Which is why I was excited to finally get an invitation to the private beta program for Twine, despite basically not knowing what it was. My wildly hopeful guess, from the pre-release hints about "personal information", had been that Twine might be the long-awaited reincarnation of the soul of Lotus Agenda, a personal information management program in a world where a lot more people now have enough information piling up around them for "managing" it to be a generalizable problem.

Twine, it turns out, at least so far, is a social bookmarking application. Bookmarking is not exactly what I meant by information mangement, any more than daytimer+contacts is what I meant by it in 1992. I gather that there is semantic-web technology behind Twine, somewhere, and I think this is supposed to make the "other tags" Twine recommends for your bookmarks better than the other tags del.icio.us recommends, or the other feeds Google Reader recommends, or the microwave that Amazon tells you was purchased by other people who pre-ordered a Douglas Coupland novel. Or it's supposed to eventually make this true, anyway, some day when/if there are more bookmarks and more people in Twine, which is after all still "in beta", which means that you're supposed to imagine that it will eventually get smart about everything it's currently dumb about.

And in Twine's case, this might eventually make it a really good social bookmarking application. If so, I will happily switch from del.icio.us to Twine for my minimal and basically expendable social-bookmarking needs.

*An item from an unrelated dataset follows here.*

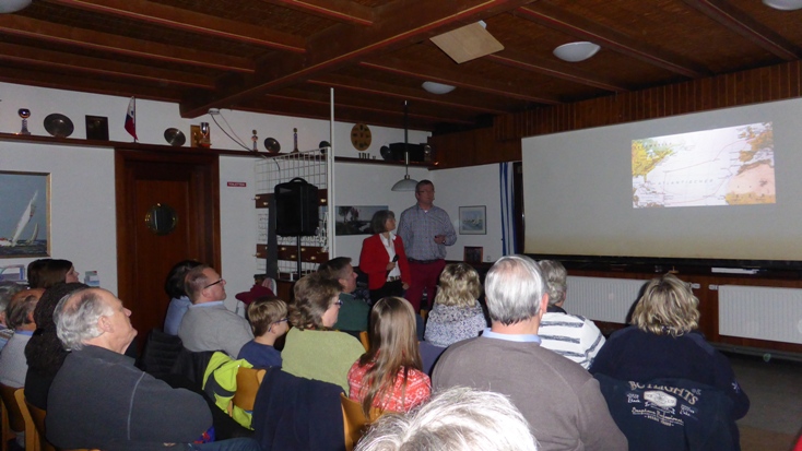 Zum vierten und letzten Mal haben wir gestern die Utensilien für den Vortrag ins Auto geladen. Diesmal war wieder das Bootshaus des OSV unser Ziel. Knapp 70 interessierte Freunde, Verwandte, Nachbarn, Kolleginnen und Kollegen, Segelkameradinnen und -kameraden und Blogleserinnen und -leser waren gekommen. Gemeinsam gingen wir noch einmal auf die Reise, fuhren durchs beschauliche Holland, warteten in Frankreich auf gutes Wetter für die Biskaya-Überquerung, staunten über halbe Fische am Haken und viel Seegras auf dem Atlantik, backten auf hoher See fröhlich Brot, spürten ein wenig von der gelassenen karibischen Lebenseinstellung, lernten die Jungs von der "Cello" kennen, genossen die herrlichen, Palmen gesäumten weißen Strände, fühlten den Abschiedsschmerz bei der Abreise aus der Karibik, erschraken uns bei der Kollision mit dem Wal, segelten mit 10 Knoten bei aufgewühlter See durch den Solent, freuten uns, den einzigen Sturm der Reise in einer sicheren Box auf Texel erlebt zu haben und erreichten wohlbehalten nach 14 Monaten den Heimathafen, wo uns ein ganz grandioser Empfang bereitet wurde.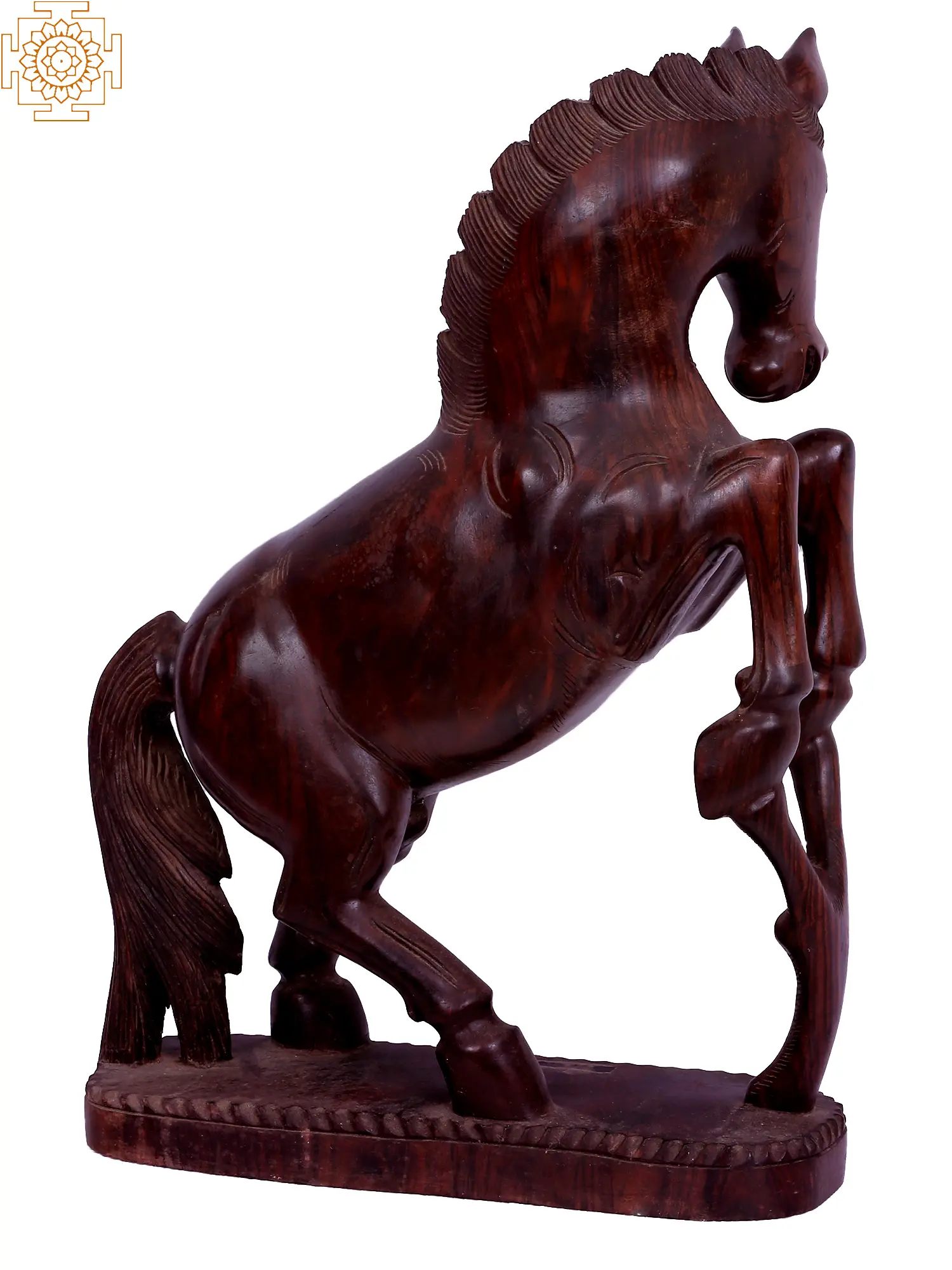Presenting this majestic Horse – a symbol of grace and strength, meticulously carved from premium wood to captivate both your senses and imagination. Its flowing mane, frozen mid-gallop, exudes an ethereal energy, capturing the essence of untamed beauty.

But as an ambassador for the Semantic Web, Twine is an embarrassment. Or, maybe more accurately, it's embarrassed. It buries its semantic-web-ness inside, like it's the information-technology version of oat bran, and the reaction they're going for is "Oh, these donuts taste so good you'd barely know they had any Semantic Web in them!" But oat bran doesn't keep donuts from being junk food, and RDF-storage and named-entity-extraction doesn't make social-booking any less page-oriented.

And I probably wouldn't care if Nova hadn't set up so much semantic-web context around himself and his company and their product. But we've collectively screwed up the presentation of this simple idea about how the next web will be better, somehow, and a lot of people have become convinced that the semantic web is some kind of clanking information C-3PO from an idiot-fantasy future, complaining about etiquette and waddling like it has a Commodore 64 wedged up its ass. So for a little while, at least, anybody working on the tools for building the new web is automatically an apologist learning how to be an evangelist instead. So I want everything that says Semantic Web on it to point clearly to the way the future is really and simply better. I don't want it to look like NLP alchemy, or like temperamental magic someone is trying to use in place of levers or pulleys or Perl. And I especially don't want it to look like some old thing that most people already didn't need.

But then, this is the standard I will be held to, too, if we manage to build and ship the semantic-web application I'm working on. I want to be part of the way the world gets better, and to do something that is not embarrassed of the future it is helping to build. We'll see.